Mourners told the ‘queen of Osborne Street’ had a ‘heart of gold’

Roseanne Moore

People gathered at the funeral of Rosemount woman, Roseanne Moore, have been told that the 97-year-old had a ‘heart of gold’.

Roseanne Moore died peacefully at home on November 29.

At 97 years of age, it’s understood that she was the oldest member of the Rosemount community and a much-loved resident.

Father Paul Frazer said Requiem Mass at St. Eugene’s Cathedral on Tuesday where Roseanne was baptised in 1923.

He told mourners that in normal circumstances a large crowd would have attended the funeral of the ‘proud Derry woman’.

But because of the current restrictions family in Glasgow, as well as neighbours and friends would instead watch online.

The priest said Roseanne was the oldest of 10 children who grew up in a house at Alexandra Place in Derry.

It was a home where, ‘you can imagine there wasn’t a lot of room for luxury or idleness’, Fr. Frazer said.

He took time to praise the resolve of countless Derry women who, like Roseanne, ‘didn’t have it easy’ but ‘seen it through without complaining’.

Although Roseanne’s parents ‘didn’t have a lot’, Fr. Frazer said, they taught their children ‘how to love and to be decent people’ – ‘to believe that God is walking that journey with them’.

Born between two world wars and living in the North of Ireland when partition was relatively new, Roseanne had ‘many difficulties to overcome’.

Her grandparents home at Clonmany acted as a retreat, allowing her to ‘escape’.

When Roseanne’s mother became ill, she took on parenting responsibilities for younger siblings and sacrificed her own dreams, turning down a scholarship at Thornhill.

Mourners heard that the Rosemount woman worked long hours at the Star Factory and was happy receiving her first pay cheque of six Shillings or 30p in today’s currency.

After her mother died, Roseanne took on even more responsibilities.

While out at the Corinthian Ballroom she met the love of her life, Patrick, having been ‘bought by a lemonade’, Fr.

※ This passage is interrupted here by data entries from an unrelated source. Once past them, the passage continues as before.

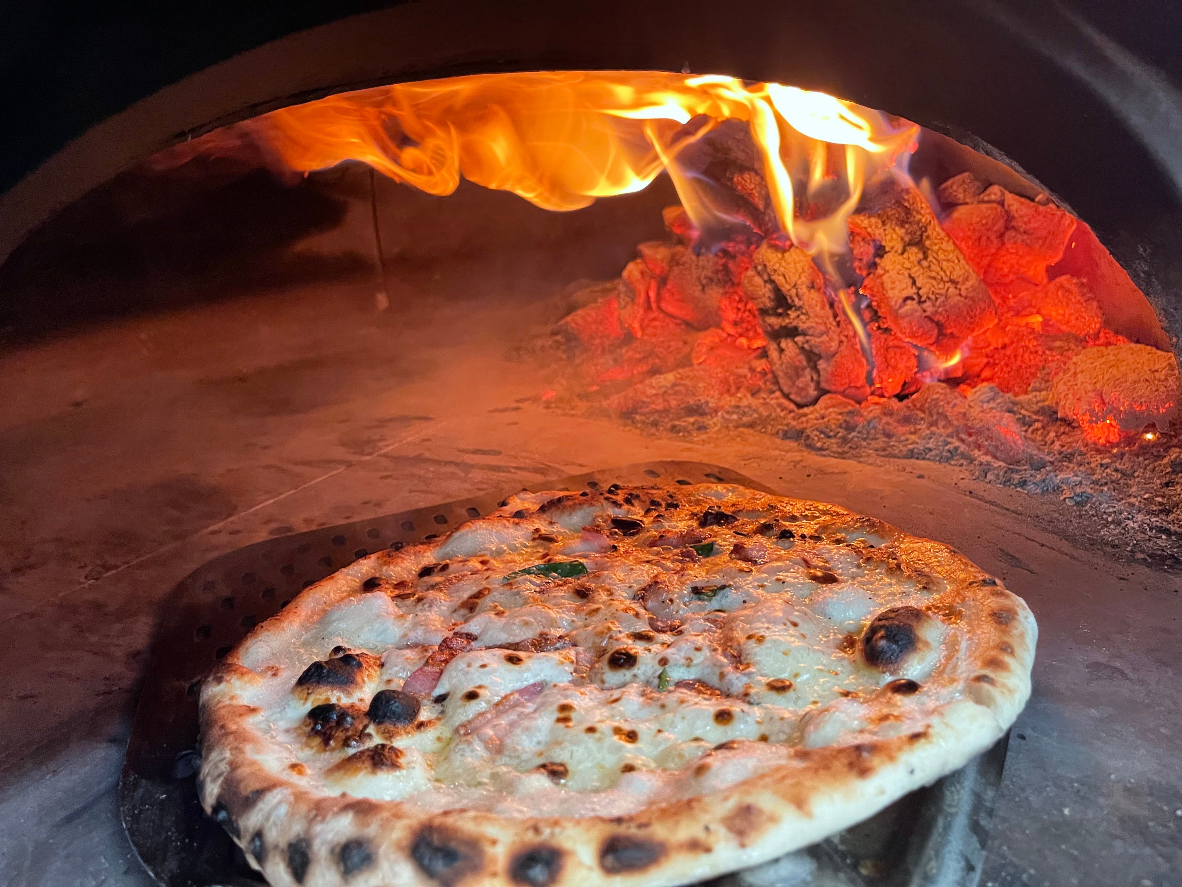 12" Neopolitan Pizza made in our wood-fired pizza ovenFree delivery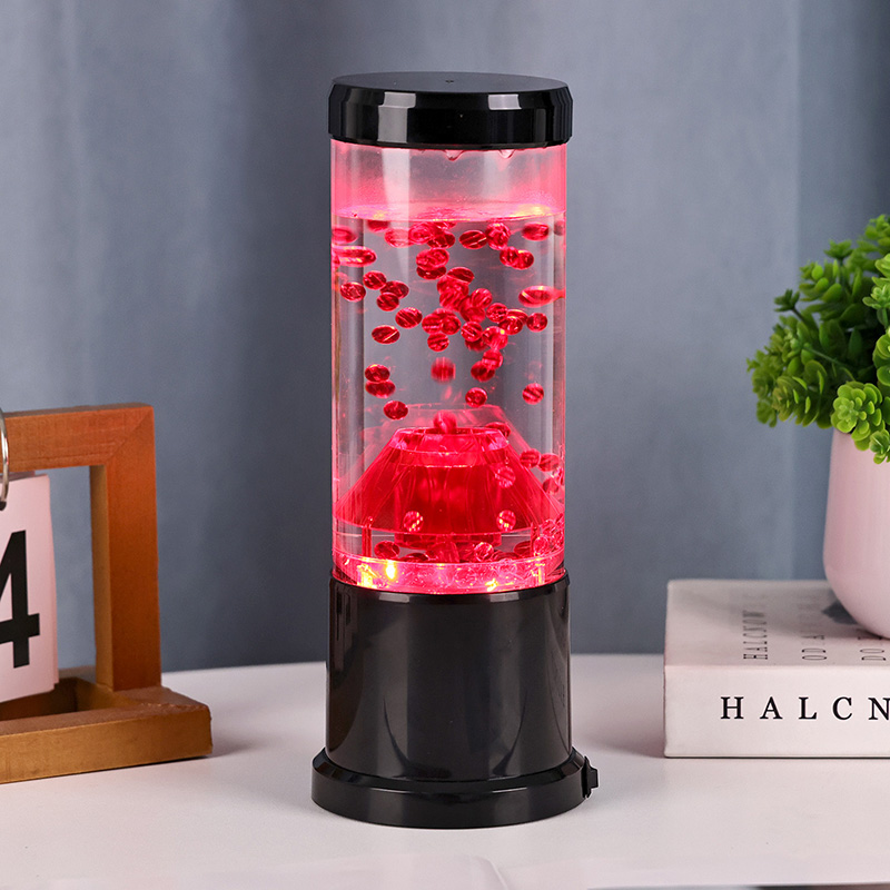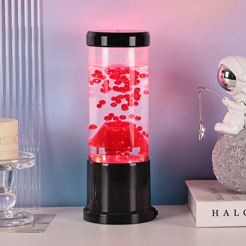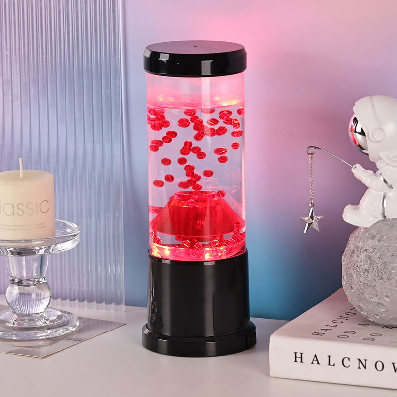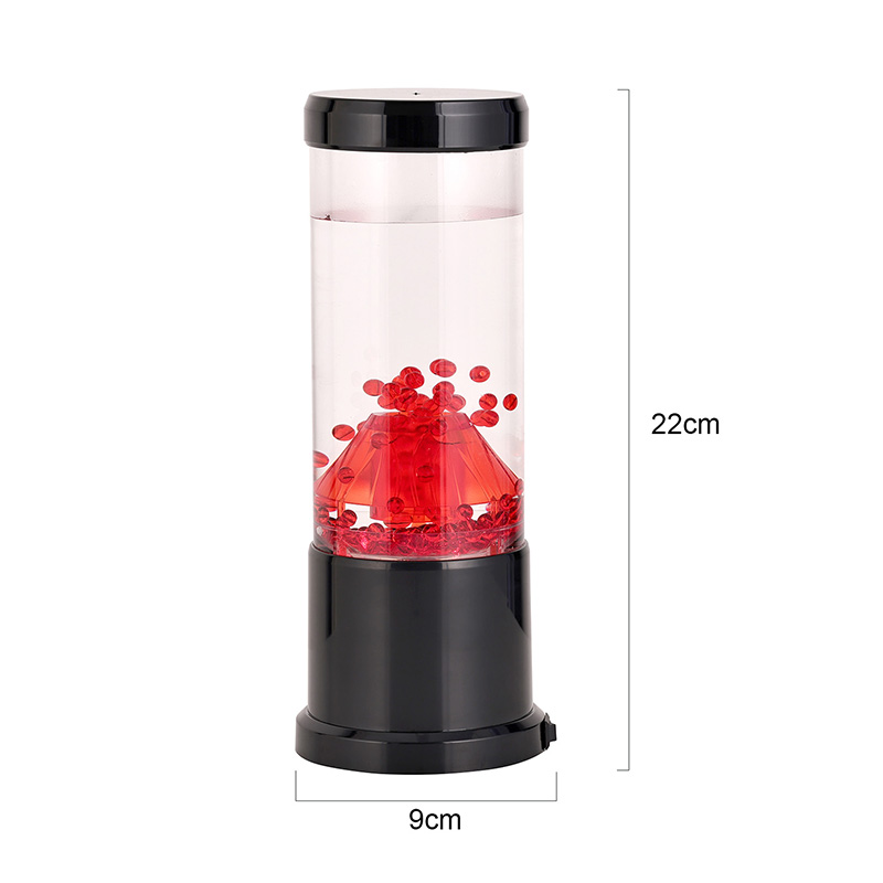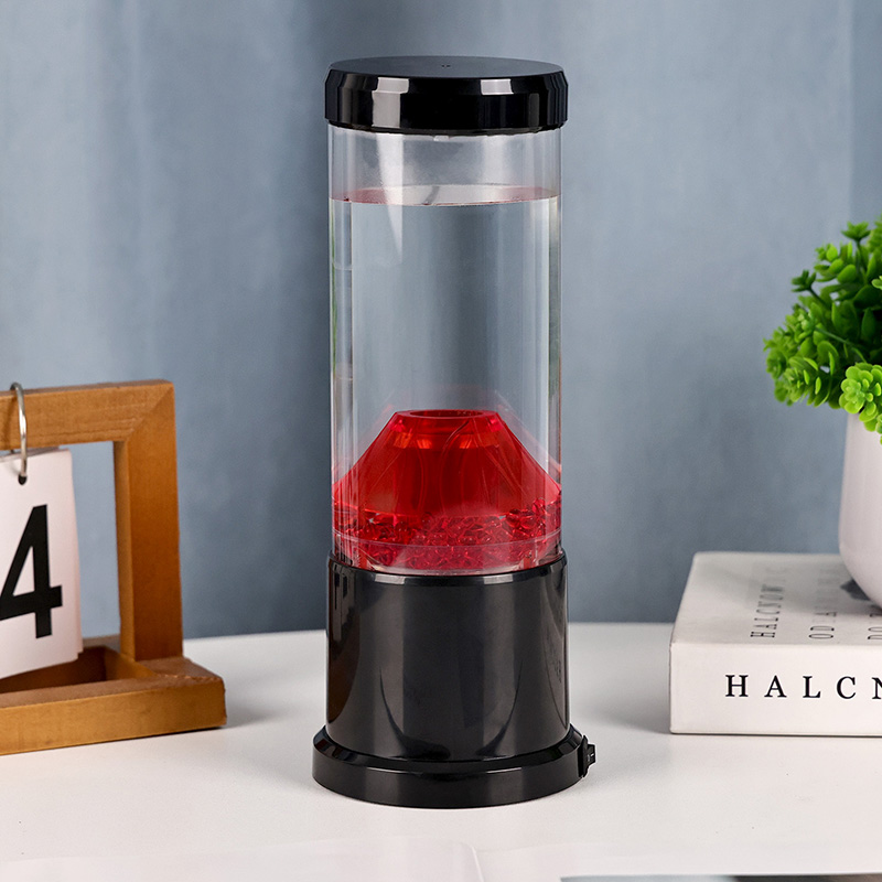 Ang gitnang bahagi ng ilaw sa gabi ay isang transparent na haligi na kahawig ng bunganga ng bulkan. Sa loob ng column na ito, makakakita ka ng makulay na pagpapakita ng mga pulang globo, na parang nilusaw na lava na dumadaloy sa loob ng crust ng lupa. Ang mga sphere na ito ay lumulutang nang maganda sa loob ng isang malinaw na likido, na lumilikha ng isang pabago-bago at pabago-bagong visual effect. Habang sumisikat ang liwanag, naglalabas ito ng mainit at nakakaakit na liwanag, perpekto para sa paglalagay ng maaliwalas na kapaligiran sa anumang silid.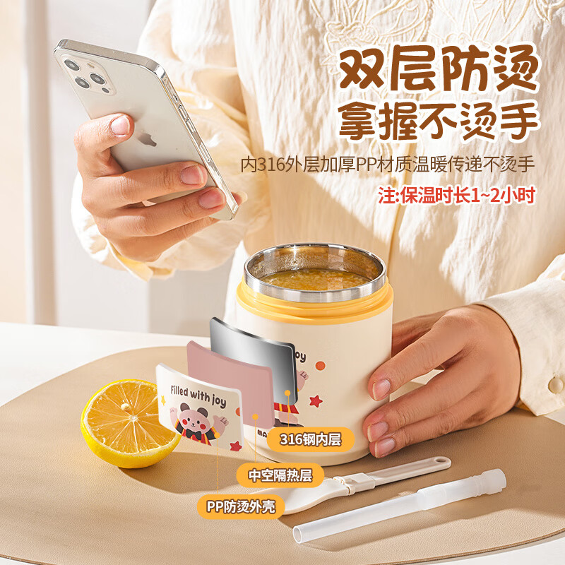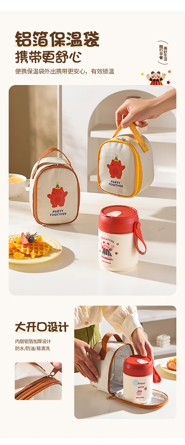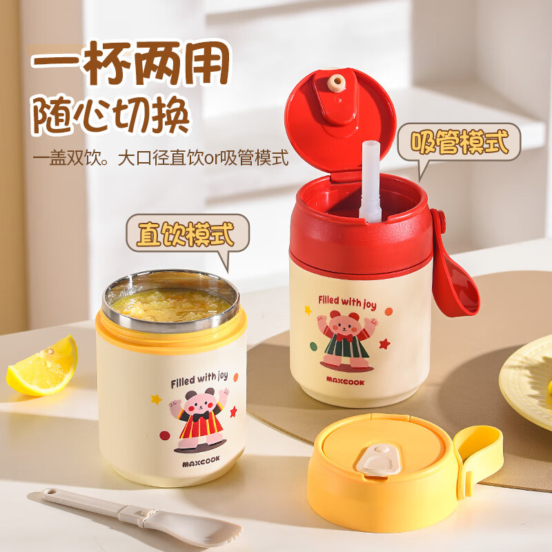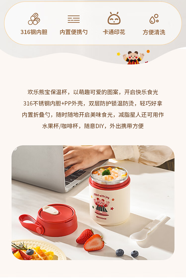 美厨(maxcook)汤杯汤罐早餐牛奶杯 便携316不锈钢保温水杯饭盒 配袋勺管MCB9781 316不锈钢汤杯汤罐/个

Frazer light-heartedly said.

The couple married at Long Tower chapel in 1944 as the Second World War was drawing to a close.

Father Frazer said: “Gold was scarce which explains why the wedding ring was so thin.

“By thinking about the image of the wedding ring you can understand who she was.

“There wasn’t much gold in her wedding ring but plenty in her heart.”

People were welcomed into her home with tea and biscuits.

Family was central to her life and she passed on that love and modesty to her daughters.

In 1987, husband Patrick died which left a ‘gaping hole in her life and heart’.

Once again, she took her place at the head of the family and that is where she remained.

“There’s still only one Queen of Osborne Street,” Father Frazer said.

Memories, ‘good and bad’ were made on Osborne Street, and the passing of two daughters were ‘devastating blows’.

But through it all Roseanne kept her faith in God.

The way family looked after her was a ‘credit’ to them all, Fr. Frazer added.

One of her gifts, Fr. Frazer said, was drawing the best out of people and that will be the legacy she leaves behind.
Roseanne was the beloved wife of the late Patrick, loving mother of Patricia, Caroline, Lucia and the late Dolores and Maureen.

A darling grandmother, great grandmother and great-great-grandmother.

Beloved mother-in-law of John and Hugh.

And dear sister of Margaret and the late Barney, Kathleen, Patsy, Celine, Maureen, Eileen, Harry and Winifred.